Case for a More Inclusive Social System

In his new book, Joseph Stiglitz argues that neoliberalism has focused too much on limiting government restrictions (negative freedoms) while neglecting government support (positive freedoms). This has led to a concentration of wealth and power, where exploitation is prioritised over social equality
The Road to Freedom: Economics and the Good Society by Joseph Stiglitz Allen Lane, 2024, 384 pages
Arjun Jayadev

Arjun Jayadev

October 04,2024

Three-quarters into his new book The Road to Freedom: Economics and the Good Society, Joseph Stiglitz provides a pithy summary of its basic premise: “For a long time, the Right has tried to establish a monopoly over the invocation of “freedom”, almost as if they had a trademark on it. It’s time to call out the Right and reclaim the word.”

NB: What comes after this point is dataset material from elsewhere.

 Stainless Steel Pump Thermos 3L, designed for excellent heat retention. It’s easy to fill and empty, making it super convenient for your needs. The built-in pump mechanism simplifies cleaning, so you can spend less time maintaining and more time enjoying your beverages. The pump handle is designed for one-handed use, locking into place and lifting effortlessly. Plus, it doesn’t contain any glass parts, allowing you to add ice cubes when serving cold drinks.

It is a typically pugnacious statement from Stiglitz, who has for a long time now commanded an unusual position within the discipline. Perhaps one of the most decorated scholars of his time and a key theorist from the 1970s to the 1990s, he has also had several stints in successful policymaking roles (in the Bill Clinton White House and in the World Bank) before winning the Nobel Prize in 2001. In the late 1990s, however, Stiglitz turned to a different role as a powerful, well regarded and forceful critic of neoliberalism.

Despite current protestations otherwise, neoliberalism was the default political position of the majority of practising economists, especially in the West, at the time. So in his willingness to take on an explicitly political outlook—one that stood directly against the orthodoxy of the time—his position in the discipline became as prominent as earlier public intellectuals such as Milton Friedman or Friedrich Hayek. They too conceived of economics as a terrain of social contestation rather than simply dispassionate analysis. The difference, of course, is that they were politically polar opposites of Stiglitz.

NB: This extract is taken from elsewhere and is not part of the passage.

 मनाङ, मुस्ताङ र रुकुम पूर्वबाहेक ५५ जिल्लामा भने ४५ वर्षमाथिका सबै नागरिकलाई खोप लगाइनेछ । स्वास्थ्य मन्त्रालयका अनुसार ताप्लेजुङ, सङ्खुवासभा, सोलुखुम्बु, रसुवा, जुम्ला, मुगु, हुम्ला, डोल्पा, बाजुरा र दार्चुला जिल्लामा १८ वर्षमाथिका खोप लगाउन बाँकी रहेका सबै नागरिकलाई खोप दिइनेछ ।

For Stiglitz, the economics and economy that grew out of the influence of Friedman and Hayek has generated a very limited and twisted form of freedom – one that concentrates power and works for the few.

It is not surprising then, that the intellectual foils for Stiglitz in this latest book are precisely these two—perhaps the patron saints of libertarian/neoliberal orthodoxy, economists who were, as he puts it, “the most notable mid-twentieth century defenders of unfettered capitalism […] without rules and regulations”. The title of the book clearly echoes the most famous popular works of Hayek – The Road to Serfdom (1944) – and Friedman’s with his wife, Rose – Free to Choose (1980). For Stiglitz, the economics and economy that grew out of the influence of Friedman and Hayek has generated a very limited and twisted form of freedom – one that concentrates power and works for the few at the expense (and this is key) of the many.

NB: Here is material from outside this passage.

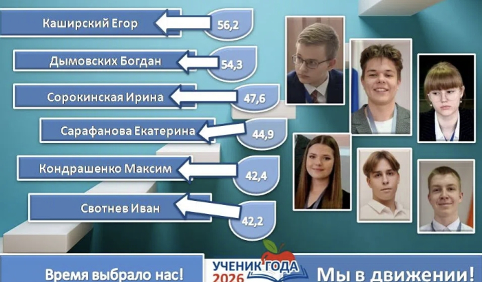 В Мичуринске в самом разгаре муниципальный конкурс "Ученик года-2026" (12+). После проведенных испытаний борьбу продолжают шестеро участников: Максим Кондрашенко - школы № 18 им. Героя Советского Союза Э.Д. Потапова, Иван Свотнев – МБОУ СОШ №1, Егор Каширский – МАОУ СОШ № 5 «Научно-технологический центр им.И.В.Мичурина», Екатерина Сарафанова – МБОУ СОШ № 15, Богдан Дымовских – МБОУ СОШ № 17 «Юнармеец», Ирина Сорокинская – МБОУ СОШ № 19. Финал состоится 22 апреля в ГДМ "Космос".

The key idea here is a familiar one and makes its entrance right at the outset – the distinction between positive and negative freedom that Isaiah Berlin made famous in the middle of the last century. Berlin’s contention was that freedom had two facets. It could involve the freedom from want or from coercion (negative freedom) on the one hand and the freedom to live life on one’s terms and potential (positive freedom) on the other. The problem is that these need not coincide, and it is often the case that they conflict. So one person’s freedom (let us say, to not be taxed) becomes another person’s unfreedom (to not benefit from transfers that might allow for an expansion of personal capacities through obtaining an education).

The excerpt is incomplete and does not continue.